The US and Japan “have yet to produce credible medium-term plans” to stabilize their debt, while other countries need to provide more clarity on how their fiscal consolidation targets will be met, according to the Organisation for Economic Cooperation and Development’s 2011 Economic Outlook, which says that risks to the global recovery remain significant.
The Federal Reserve should consider raising interest rates, while the European Central Bank should hold off on further tightening, the report advised.
A two-speed recovery where emerging markets outpace developed markets is causing capital to flow into non-OECD economies and this is creating inflationary pressures and prompting policy restraint which threatens to endanger the global recovery, the OECD said.

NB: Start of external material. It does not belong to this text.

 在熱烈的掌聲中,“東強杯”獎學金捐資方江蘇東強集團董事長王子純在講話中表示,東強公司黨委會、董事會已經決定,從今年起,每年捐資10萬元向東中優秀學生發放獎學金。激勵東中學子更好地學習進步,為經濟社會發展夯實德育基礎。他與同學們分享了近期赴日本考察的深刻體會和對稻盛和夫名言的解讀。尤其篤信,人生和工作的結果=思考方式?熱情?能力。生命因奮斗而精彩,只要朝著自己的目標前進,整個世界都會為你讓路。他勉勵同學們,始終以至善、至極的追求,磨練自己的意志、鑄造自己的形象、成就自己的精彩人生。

"A key message of this economic outlook is that there is no room for complacency. The crisis is not over yet. It has just changed its skin," OECD secretary general Angel Gurria said on Wednesday.

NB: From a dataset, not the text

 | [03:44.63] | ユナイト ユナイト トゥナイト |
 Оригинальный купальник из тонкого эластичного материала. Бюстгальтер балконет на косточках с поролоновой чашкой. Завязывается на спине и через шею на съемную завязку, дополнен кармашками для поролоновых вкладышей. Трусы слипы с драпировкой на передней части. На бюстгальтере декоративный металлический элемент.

Significant downside risks overshadow the possibility of a private-sector led recovery, the report warned. These include rising oil prices; a further slowdown in China; continued fiscal instability in the US and Japan; and fresh weakness in housing markets. A combination of these factors could lead to stagflation in advanced economies and derail the recovery, Pier Carlo Padoan, the OECD’s chief economist wrote in his editorial accompanying the outlook.
“All this suggests that the global crisis may not be over yet,” Padoan wrote. “Policy makers must intensify efforts to deal with medium-term challenges.”

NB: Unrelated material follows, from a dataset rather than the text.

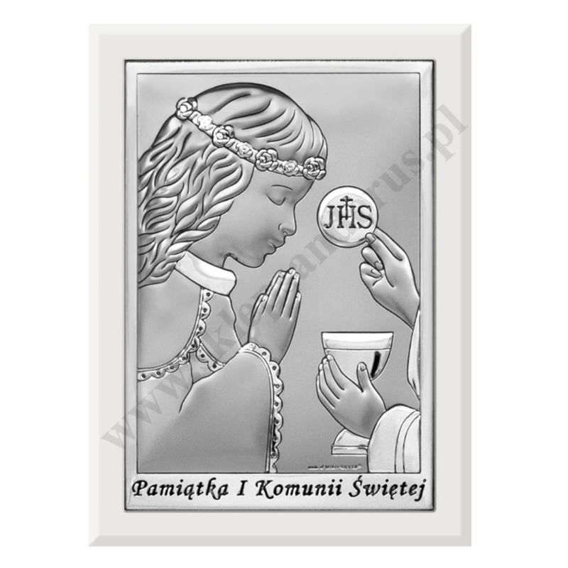 Srebrny obrazek przedstawiający dziewczynkę przyjmującą I Komunię Świętą. Rozmiar obrazka 11 x 15 cm. Obrazek posrebrzany przy użyciu technologii PVD (miro-silver) z napisem na emblemacie na białym drewnie.

Unemployment remains high, and is a challenge for the long term, the report said.
Further growth is required if fiscal consolidation in indebted countries is to be achieved, the organization said. The current imbalance between interest rates and growth is likely to continue for several years, meaning that further structural reforms will be needed in developed economies, Padoan wrote.
Despite the risks, the recovery from the recession is becoming more broad-based, the report noted. Supply-side shocks from the commodity price spike and the tsunami in Japan have dampened activity in the short term and pushed up inflation, but their effects should fade out by the end of 2011, it said.
Global output will grow 4.5 percent in 2011, and the same in 2012, according to OECD forecasts.